Web Scraping in WordPress

I had been waiting for WpVeda to be launched since my first chat with Rahul some months back. Its always great to see conscious efforts from team rtCamp to give it back to the community. Congrats Rahul, and thanks for my mention in your first post.

wordpress_icon

I too strongly advocate open source and community contributions in general and I myself have also published some plugins.

Today I am writing about one of my plugins which caters to a very specific niche but surely has a good user base from the audience it caters to. The niche task which this plugin performs is web scraping.

What is Web Scraping?

Web scraping (or Web harvesting, Web data extraction) is a computer software technique of extracting information from websites. Web scraping focuses more on the transformation of unstructured Web content, typically in HTML format, into structured data that can be formatted and displayed or stored and analyzed. Web scraping is also related to Web automation, which simulates human Web browsing using computer software. Exemplary uses of Web scraping include online price comparison, weather data monitoring, market data tracking, web content mashup and web data integration.

WP Web Scraper

WP Web Scraper is an easy to implement professional web scraper for WordPress. It can be used to display real-time data from any websites directly into your posts, pages or sidebar. This plugin can be used to include real-time stock quotes, cricket or soccer scores or any other generic content. The scraper is built using time tested cURL library for scraping and phpQuery for parsing and outputting HTML.
It also has some advanced configuration features such as:

  1. Configurable caching of scraped data. Cache timeout in minutes can be defined in minutes for every scrap.
  2. Custom Useragent header for your scraper can be set for every scrap.
  3. Scrap output can be displayed through custom template tag, shortcode in page, post and sidebar (text widget).
  4. Error handling – Silent fail, standard error, custom error message or display expired cache.
  5. Option to clear or replace a certain regex pattern from the scrap before output.
  6. Option to strip off a single or multiple HTML tags from the output.
  7. Supports html charset conversion between various charsets.

Am sure, this all sounds a bit geekish to someone who has not explored web scraping before.

For a better perspective, what could be a better example of displaying the download count of my plugin from wordpress.org. To do this, all I need to do (assuming that the plugin is installed) is to insert the following shortcode in my page, post or the text widget of sidebar:
[wpws url = “http://wordpress.org/extend/plugins/wp-web-scrapper/stats/” selector=”.last-child td” cache=”60″ timeout=”3″ error=”cache”]

Using Shortcode

Now lets decrypt the shortcode. The first parameter – url, specifies the url from which you intend to scrap data. The second (and perhaps the most important) parameter – selector, specifies the exact location in that url where your data is located. The syntax used is of good old CSS. If you have worked with CSS or jQuery before, it should be very easy for you to write a CSS selector.

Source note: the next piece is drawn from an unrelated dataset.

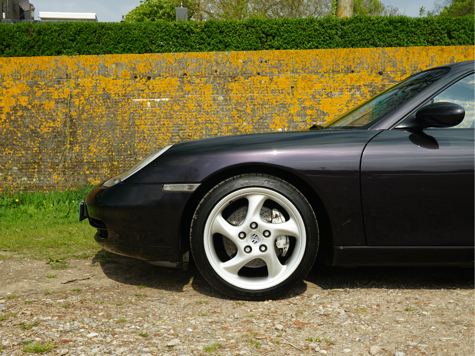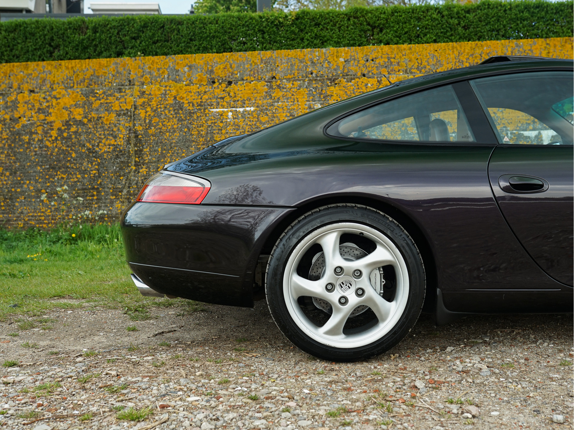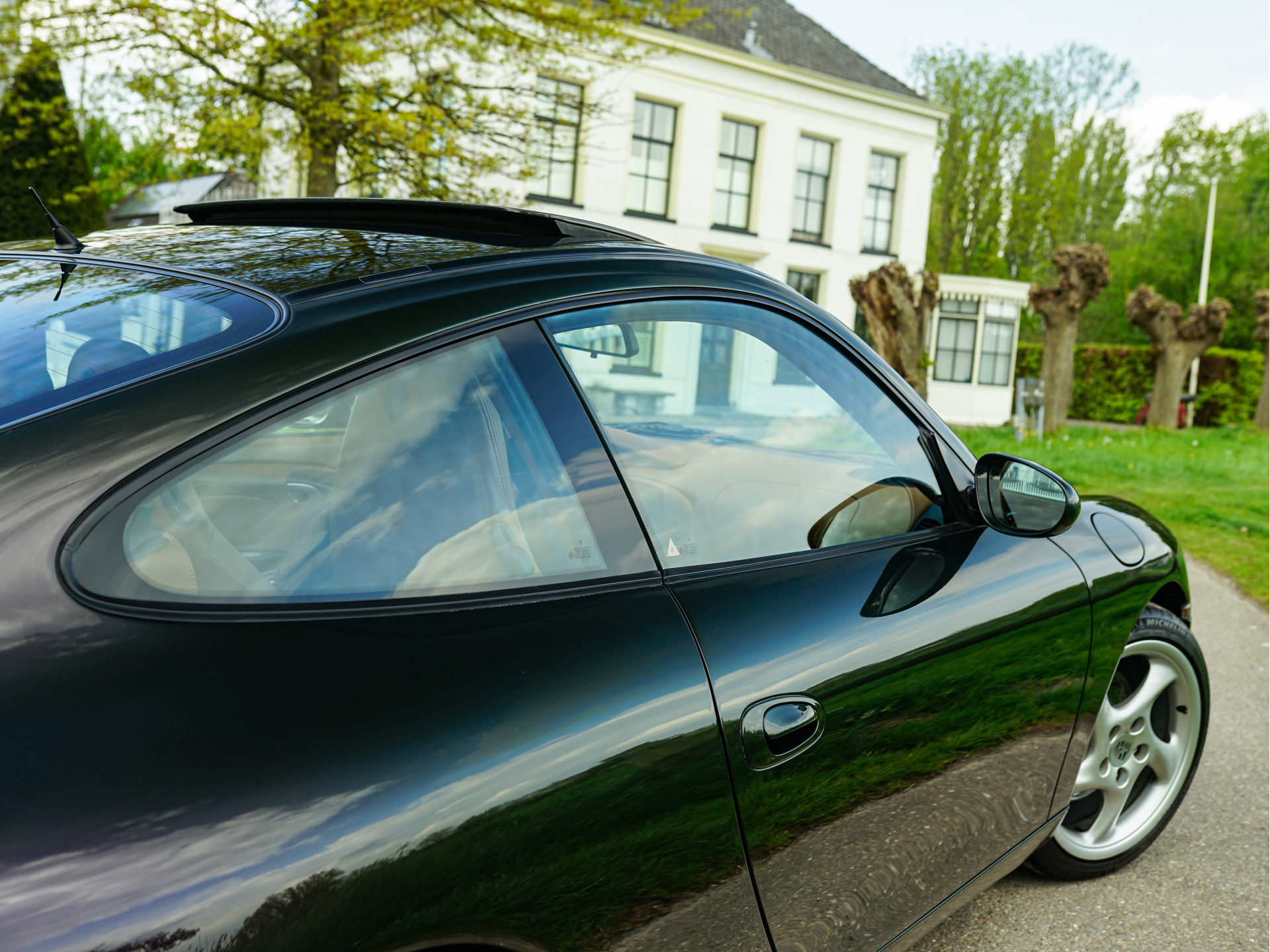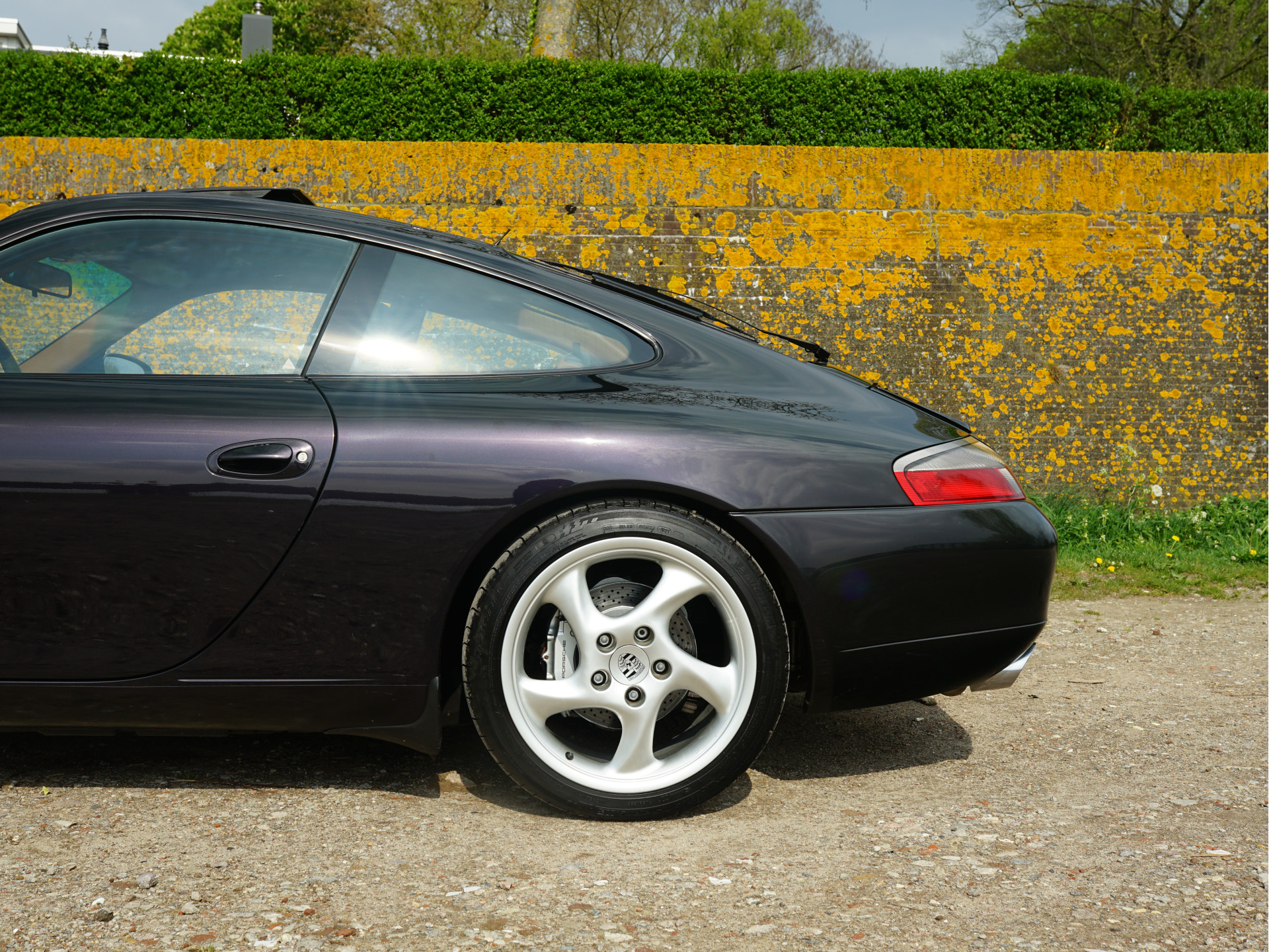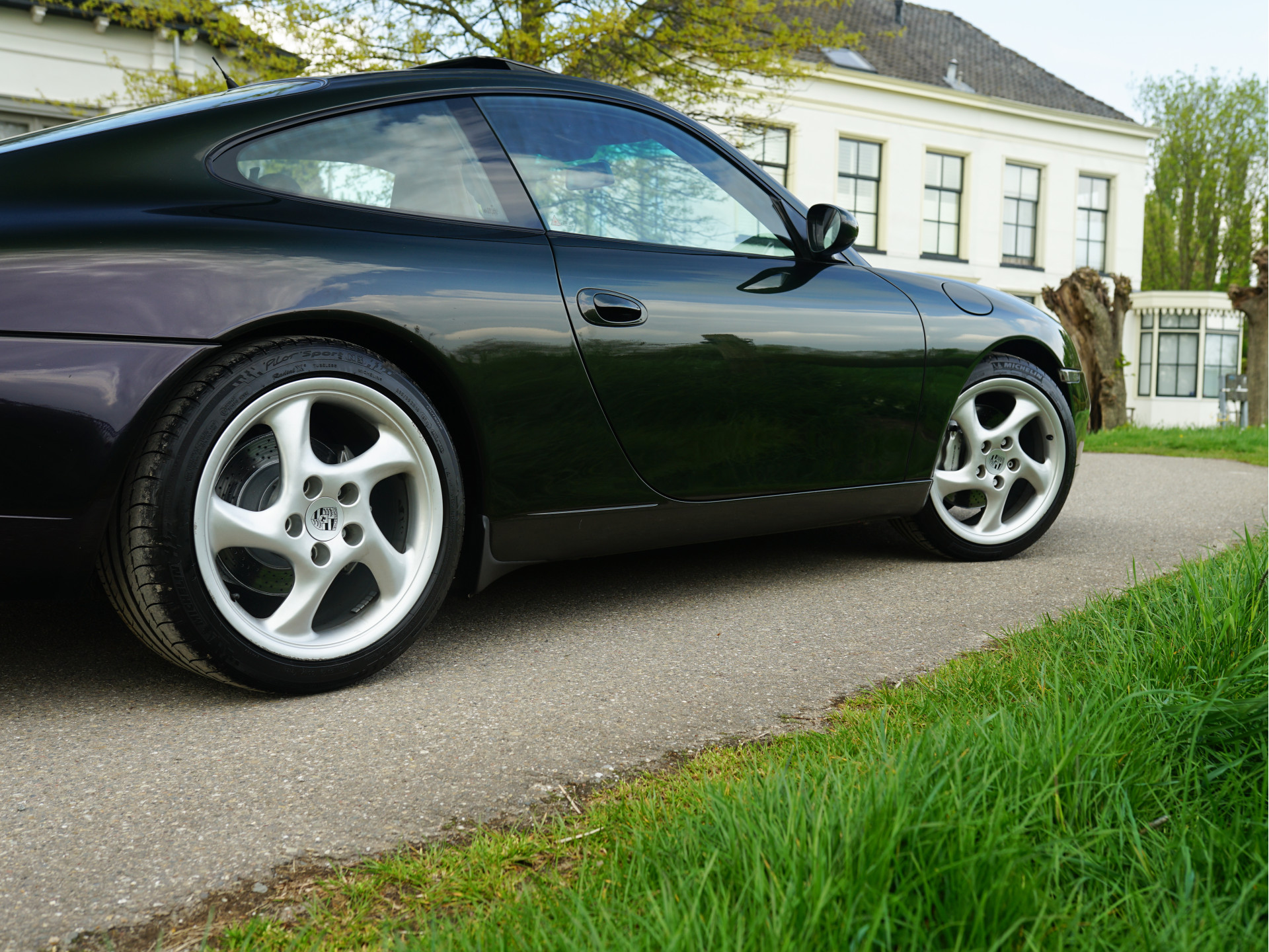 Afhankelijk van de lichtinval verandert de exterieurkleur van dieppaars naar groen, wat een magisch effect creëert. De breedset 18" Turbo 'Solid Spoke'-velgen vullen de wielkasten goed op en waren af-fabriek verchroomd, maar de huidige aluminium-kleur is gebruiksvriendelijker. In tegenstelling tot de 90's zijn de knipperlichten rondom transparant van kleur en oogt het model moderner door de xenon-koplampen, zilveren remklauwen en verchroomd edelstalen eindpijpen. In het interieur treffen we louter hoogwaardige materialen en véél Natuurleder, waarmee o.a. de stuurkolom, ventilatie-openingen, handgrepen, telefoonhouder, middenconsole, het dashboard en instrumentarium zijn bekleed. Contrast is te vinden in de aluminium wijzerplaten, alcantara dakhemel en aluminium / donker wortelhout / leder-afwerking van de versnellingspook, handremgreep en het stuurwiel.

In brief, the selector mentioned above refers to the first td element which is a child of the first element with the class ‘last-child’. You can easily build such selectors by viewing the source code of your url. Rest of the parameters are optional. Cache specifies the time in minutes it will cache data instead of fetching data on each request, timeout is the maximum time in seconds the scraper will spend on the task and error denotes what happens in case the scraper fails (if cache is the value for error, it will display expired cache data in case of an error).

I hope this gets you interested enough to start exploring its limit less possibilities. Download your copy, install it and get started. You can find more info on this plugin in the FAQ section or its official page.

Please note that the content you scraping might be copyright protected. Its best to at least attribute the content owner by a linkback or better take a written permission. Apart from rights, cURLing in general is a very resource intensive task. It will exhaust the bandwidth of your host as well as the host of of the content owner. Best is not to overdo it.